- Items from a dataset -
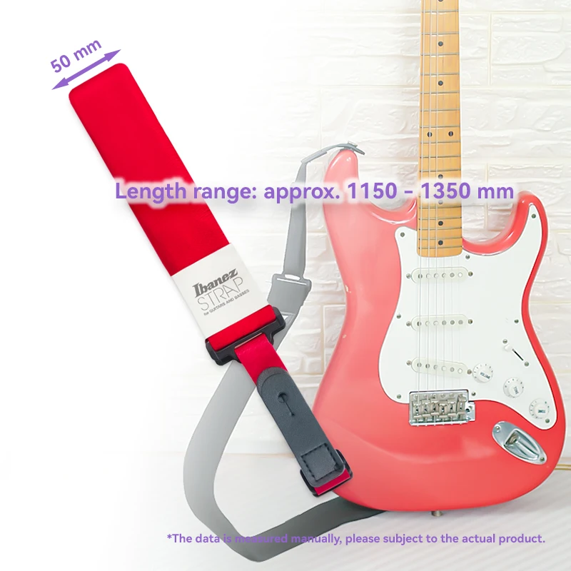 The Ibanez Guitar Strap offers musicians the perfect blend of comfort and functionality. Designed with a thickened sponge that is approximately 7 mm thick, it provides exceptional support for long practice sessions or performances. This adjustable strap features a width of about 50 mm, ensuring a secure fit while adapting between 1150 mm and 1350 mm in length. Whether you're playing an electric guitar, acoustic guitar, or bass, this strap meets your needs with ease, allowing players to focus on their music without distractions.
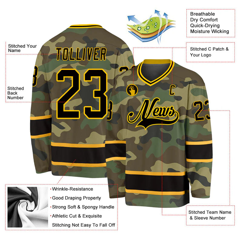 As a custom camo black-gold salute to service hockey jersey, this jersey not only makes you look stylish on the ice, but also supports a great cause. Show your support for your team and our service members with this unique jersey. Constructed with high-quality materials and designed to provide maximum comfort and durability during gameplay.
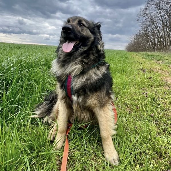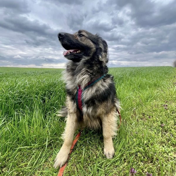 Billy ist ein Bub, er ist laut Tierarztschätzung ca. 4 Jahre alt (geb. 30.03.2022), ca. 60cm groß und ca. 25-30kg. Vermutet wird ein Sarplaninac Mischling.
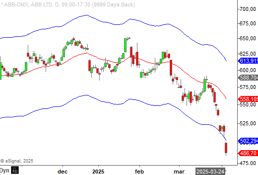 ABB tappade över 5 procent igår och aktien avslutade handelssessionen på 486,7 kronor. Vi har fått se aktörer fullkomligt vräka ut aktien de senaste veckorna, då aktien fallit från cirka 590 till 486,7 kronor.
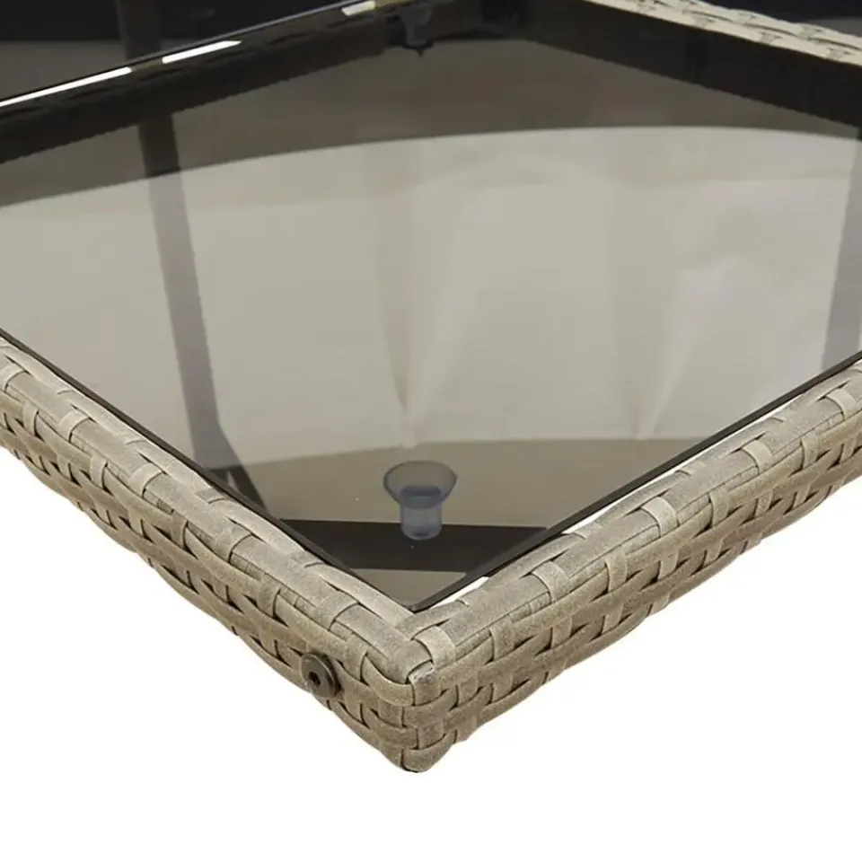 - Glazen tafelblad: het blad van de tuintafel is gemaakt van sterk en duurzaam gehard glas, waardoor het gemakkelijk schoon te maken is met een vochtige doek. Het voegt ook een vleugje elegantie toe aan je buitenruimte.
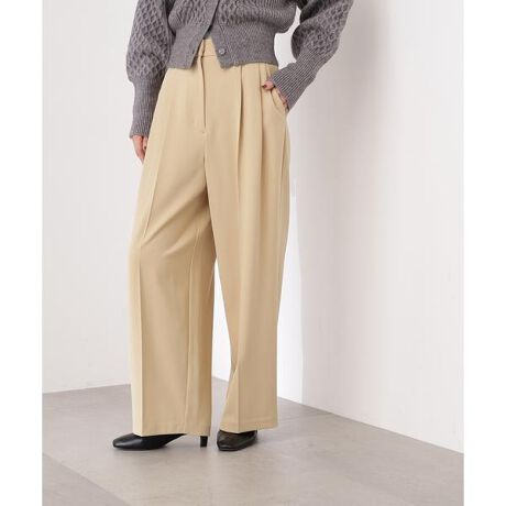 ほどよいワイドなシルエットのツータックパンツ。ウエストまわりに立体感を持たせたツータックで腰まわりをカバーしつつ、すっきりとした印象に見せてくれます。ベーシックなデザインは着回し力抜群。どんなトップスとも合わせやすく、キレイめにもカジュアルスタイルにも活躍します。<素材>秋のコーディネートに取り入れやすいベーシック素材を使用。しなやかな風合いでシルエットをキレイにキープします。裏地がなく軽いはき心地です。<詳細>仕様・前ファスナー裏地・なし透け感・なし / 光沢・なし / 伸縮性・なし生地の厚さ・普通※モデルの着用画像の場合、光の当たり具合により、実際の色味と異なって見えることがございます。色味は、商品単体の画像をご参照ください。
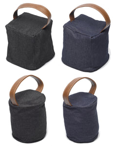 These door stop covers are made from cotton denim with a faux leather handle and are available in a cube or cylinder shape.
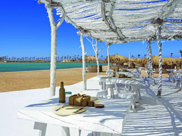 Hotel disponuje tri vonkajšími bazénmi (vrátane jedného vyhrievaného v zime), vonkajšou vírivkou, hlavnou reštauráciou Munchery a viacerými á la carte reštauráciami, ktoré ponúkajú egyptskú, ázijskú, grécku a rôzne ďalšie kuchyne. K dispozícii sú aj bary, ako lobby bar, bazénové bary a plážové bary.

- Directions -
A faithful reproduction of every entry, with no pictures, is the expected answer.

- Answer section -
 The Ibanez Guitar Strap offers musicians the perfect blend of comfort and functionality. Designed with a thickened sponge that is approximately 7 mm thick, it provides exceptional support for long practice sessions or performances. This adjustable strap features a width of about 50 mm, ensuring a secure fit while adapting between 1150 mm and 1350 mm in length. Whether you're playing an electric guitar, acoustic guitar, or bass, this strap meets your needs with ease, allowing players to focus on their music without distractions.
 As a custom camo black-gold salute to service hockey jersey, this jersey not only makes you look stylish on the ice, but also supports a great cause. Show your support for your team and our service members with this unique jersey. Constructed with high-quality materials and designed to provide maximum comfort and durability during gameplay.
 Billy ist ein Bub, er ist laut Tierarztschätzung ca. 4 Jahre alt (geb. 30.03.2022), ca. 60cm groß und ca. 25-30kg. Vermutet wird ein Sarplaninac Mischling.
 ABB tappade över 5 procent igår och aktien avslutade handelssessionen på 486,7 kronor. Vi har fått se aktörer fullkomligt vräka ut aktien de senaste veckorna, då aktien fallit från cirka 590 till 486,7 kronor.
 - Glazen tafelblad: het blad van de tuintafel is gemaakt van sterk en duurzaam gehard glas, waardoor het gemakkelijk schoon te maken is met een vochtige doek. Het voegt ook een vleugje elegantie toe aan je buitenruimte.
 ほどよいワイドなシルエットのツータックパンツ。ウエストまわりに立体感を持たせたツータックで腰まわりをカバーしつつ、すっきりとした印象に見せてくれます。ベーシックなデザインは着回し力抜群。どんなトップスとも合わせやすく、キレイめにもカジュアルスタイルにも活躍します。<素材>秋のコーディネートに取り入れやすいベーシック素材を使用。しなやかな風合いでシルエットをキレイにキープします。裏地がなく軽いはき心地です。<詳細>仕様・前ファスナー裏地・なし透け感・なし / 光沢・なし / 伸縮性・なし生地の厚さ・普通※モデルの着用画像の場合、光の当たり具合により、実際の色味と異なって見えることがございます。色味は、商品単体の画像をご参照ください。
 These door stop covers are made from cotton denim with a faux leather handle and are available in a cube or cylinder shape.
 Hotel disponuje tri vonkajšími bazénmi (vrátane jedného vyhrievaného v zime), vonkajšou vírivkou, hlavnou reštauráciou Munchery a viacerými á la carte reštauráciami, ktoré ponúkajú egyptskú, ázijskú, grécku a rôzne ďalšie kuchyne. K dispozícii sú aj bary, ako lobby bar, bazénové bary a plážové bary.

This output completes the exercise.